Gypa, for his part, fell on his hands, but he hardly noticed, springing right back to his feet. Then he laughed, "Auntie Mins, you're funny!"
Minnie tried to disentangle herself, but the skirt strip had wound its way up her leg. She sat flat on the pavement, and started to fight with the linen, and with her petticoat, which had slipped considerably from her hips. She smiled, "Am I funny? Did you like that, My Gypa?"
Gypa crouched down on his hams, and laughed louder now, "I can see Auntie Mins's stocking-tops!"
Minnie disentangled herself, and laughed, "And what wicked fellow has been teaching my sweet little Gypa to look at a girl's stocking-tops?" She hitched the petticoat in a gesture a fine lady would have blushed at, and tucked up the strip of linen, finding her feet again.
"We was in Nyka, Auntie Mins, and Nyka?
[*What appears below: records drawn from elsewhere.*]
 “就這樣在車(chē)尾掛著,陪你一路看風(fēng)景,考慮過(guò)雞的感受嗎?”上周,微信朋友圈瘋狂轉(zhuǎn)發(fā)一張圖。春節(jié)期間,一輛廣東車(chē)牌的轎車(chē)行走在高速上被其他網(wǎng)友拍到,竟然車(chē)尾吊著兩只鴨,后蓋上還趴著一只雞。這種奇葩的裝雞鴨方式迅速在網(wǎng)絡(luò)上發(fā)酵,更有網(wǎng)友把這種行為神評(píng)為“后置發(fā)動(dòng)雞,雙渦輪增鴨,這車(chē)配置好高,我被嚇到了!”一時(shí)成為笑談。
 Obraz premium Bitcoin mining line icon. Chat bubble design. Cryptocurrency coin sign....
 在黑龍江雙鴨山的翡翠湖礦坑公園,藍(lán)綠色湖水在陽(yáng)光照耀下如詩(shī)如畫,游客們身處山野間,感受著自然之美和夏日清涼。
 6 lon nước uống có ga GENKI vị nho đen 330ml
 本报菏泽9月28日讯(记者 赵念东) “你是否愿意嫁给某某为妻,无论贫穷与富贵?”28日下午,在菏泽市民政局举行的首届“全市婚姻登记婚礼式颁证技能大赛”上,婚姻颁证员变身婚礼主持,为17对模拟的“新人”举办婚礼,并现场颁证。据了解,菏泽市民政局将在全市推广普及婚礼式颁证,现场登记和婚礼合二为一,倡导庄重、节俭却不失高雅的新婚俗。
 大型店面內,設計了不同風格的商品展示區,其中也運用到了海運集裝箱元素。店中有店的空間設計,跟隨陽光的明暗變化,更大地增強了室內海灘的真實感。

They don't wear no stockings at all!"
Minnie giggled at the boy and snatched him up in her arms, "Don't they? Well! Its a good thing we have you back in a civilized place, where girls wear stockings, and little children do NOT wear TROUSERS!" With that she swung the boys little body over her arm so his head swung down by her waist, and she began to spank him playfully over and over.
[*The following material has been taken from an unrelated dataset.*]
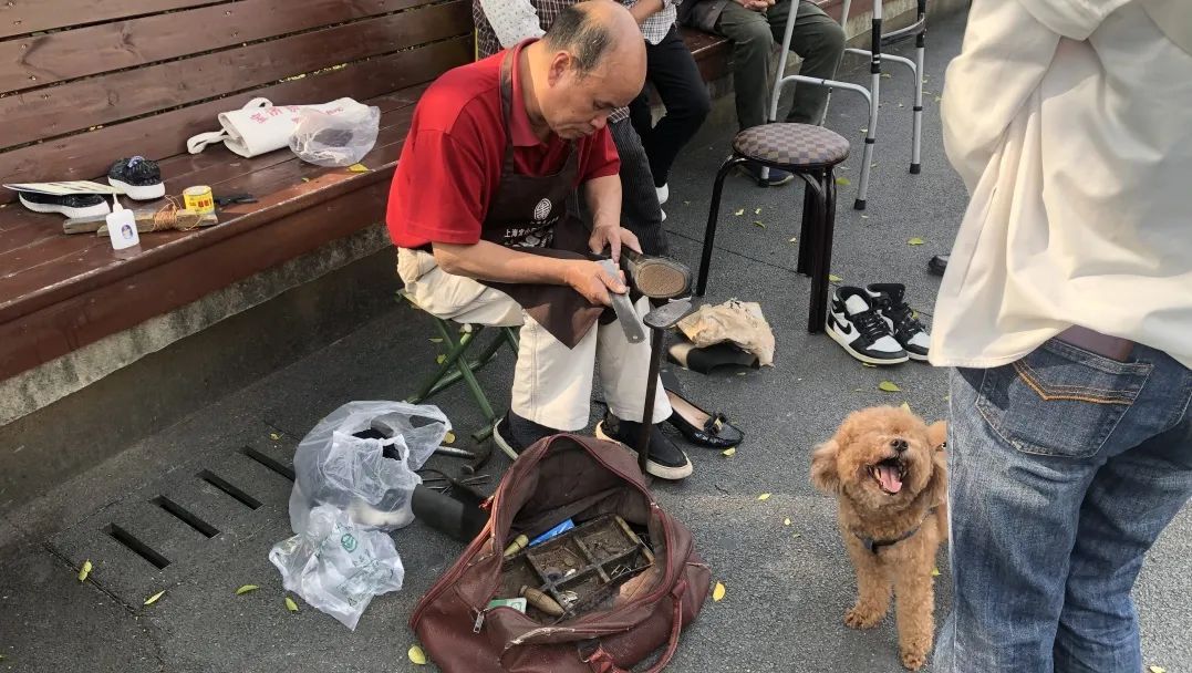 小修小补摊位在宝林六村居民区深受欢迎,志愿者旁的长椅上坐满了人,大家纷纷拿出家里需要修补的东西来请义工志愿者帮忙修理,志愿者高超的技术得到居民的夸赞。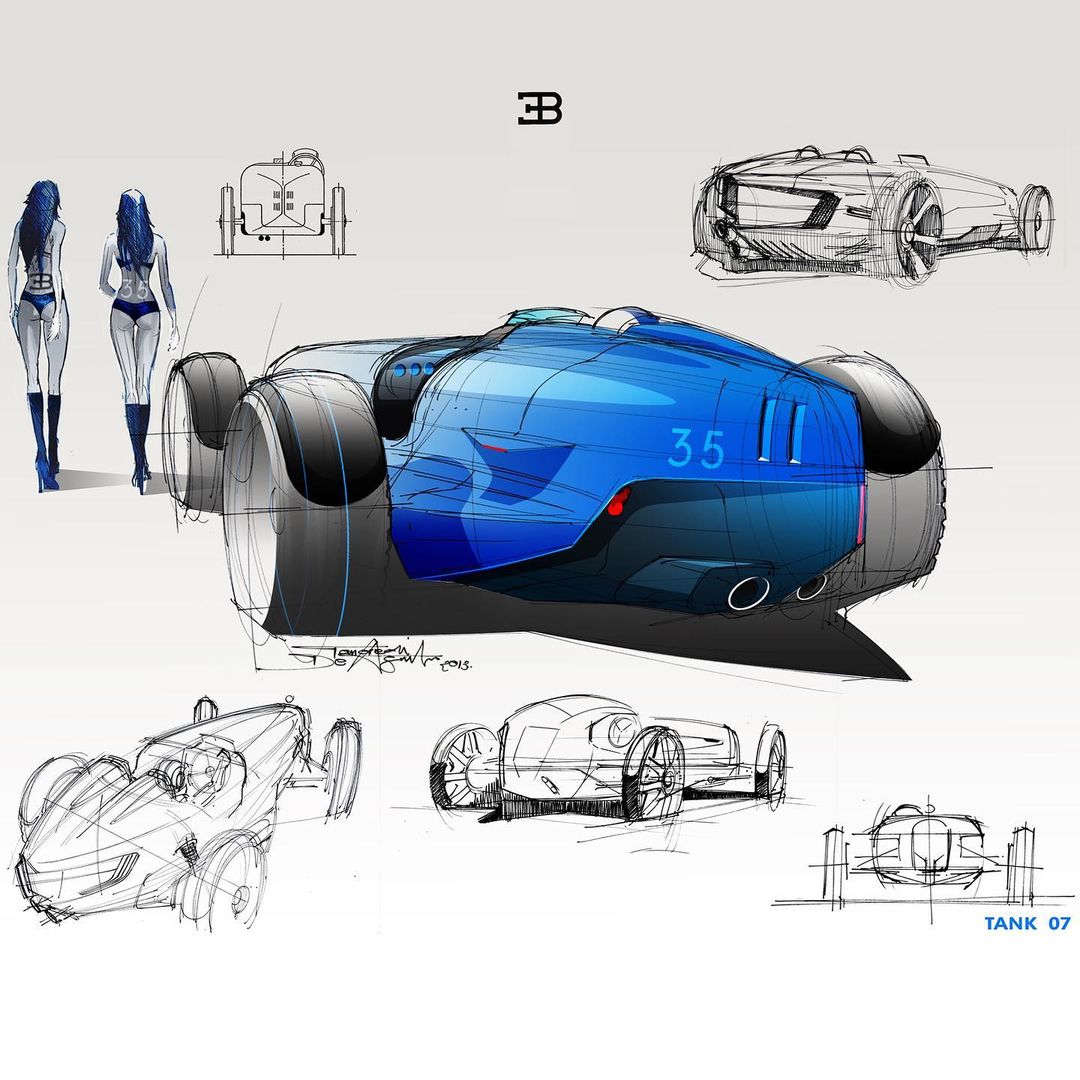 Après une pause, il a continué de plus belle : “L’équipe d’Uedelhoven Studios s’est donc penchée sur les lignes de cette Bugatti Type 35 pour en proposer cette déclinaison Roadster moderne, dotée d’une carrosserie habillée d’une livrée “bleu Bugatti” et équipée notamment d’une imposante calandre avant en forme de fer à cheval, ainsi que d’appendices aérodynamiques réalisés en fibre de carbone. Les suspensions du véhicule, comme ses jantes au design moderne, sont quant à elles apparentes et renforcent la connexion avec le véhicule original. L’habitacle du véhicule enfin, a de son côté hérité de deux sièges baquet recouverts de cuir, l’ensemble du cockpit étant par ailleurs réalisé en aluminium, en fibre de carbone et en bois”.

Gypa squealed with delight and mock fear, "Help! Help me!"
The old merchant laughed now, and his eyes sparkled. HE looked at Minnie, and laughed, "You sound like your mother, Gypa."
Minnie froze, and all the color drained from her face. Her hand stopped and she stared at the man, her mind frozen for a moment, her eyes suddenly very hot.
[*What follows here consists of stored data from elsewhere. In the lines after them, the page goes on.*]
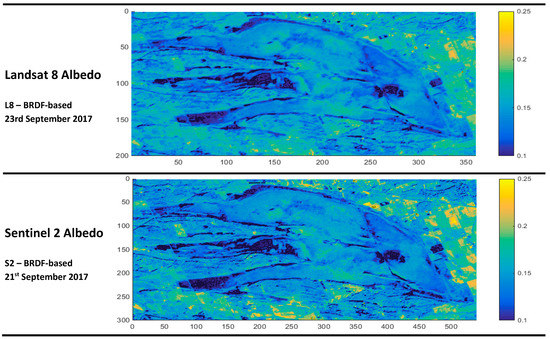 Whilst the weighting functions in Equations (4) and (5) were developed for Landsat 5 TM bands, corresponding bands over the same spectral range from Landsat 8 and Sentinel-2 data have similar characteristics, including centre wavelength position and the full width half maximum. Nonetheless, this may impact on the overall absolute accuracy of derived albedo products and their agreement [35].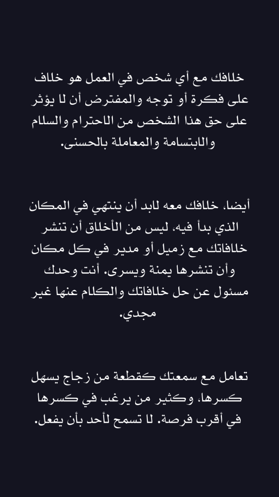 أيضا، خلافك معه لابد أن ينتهي في المكان الذي بدأ فيه، ليس من الأخلاق أن تنشر خلافاتك مع زميل أو مدير في كل مكان وأن تنشرها يمنة ويسرى. أنت وحدك مسئول عن حل خلافاتك والكلام عنها غير مجدي.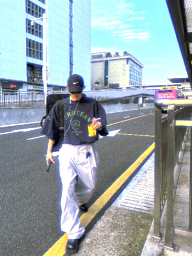 AUROCEAN 訂製水洗 暗紋 破壞 迷彩 闊腿 工裝褲 長褲(淺灰色)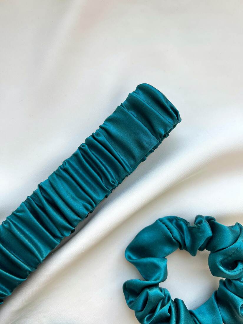 Opaska na włosy, w 100% wykonana z jedwabiu. Materiał pochodzi z odzysku. Srednica ok 21 cm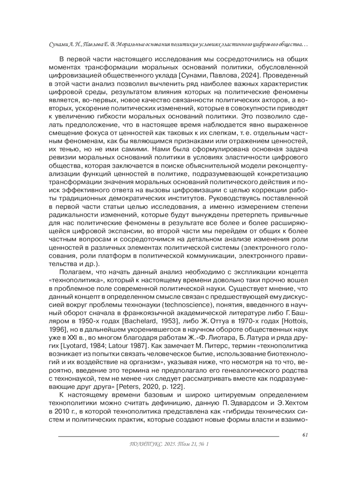 7. Сунами А. Н., Павлова Е. В. Моральные основания политики в условиях эластичного цифрового общества: перестанут ли ценности иметь значение? (часть 1) // Политическая экспертиза: ПОЛИТЭКС. 2024. Т. 20, № 1. С. 33-44. DOI: 10.21638/spbu23.2024.103 EDN: EUQBHV

Gypa fought back to sit on Minnie's arm, and took her two braids in his chubby little hands, pulling them rhythmically, one side, then the other, "Look, Auntie Mins, this is how they milk the cows! Squish, squish, squish..."
The merchant frowned, and looked at the ground, "I'm... I'm sorry. That just popped out..."
Minnie's whole face went pale, and a little water collected in her eyes. When she spoke, her voice shook wildly, "No... no, its... I'm sorry, I'm fine. You caught me off guard, that's all."
Gypa stopped pulling, and frowned, his brow wrinkling up in something between fear and shame, "Did I hurt Auntie Mins?"
Minnie took a deep breath and closed her eyes for a minute, managing a smile again, and kissed the boy loud on the cheek, "No, no! Do you think such a little monster could hurt a great mean beast like me? You could hang on my braids like a bell rope, my darling, if you wanted! But! Now, lets get you and papa in from the cold, hrm? Maybe we can all have a little spot of tea."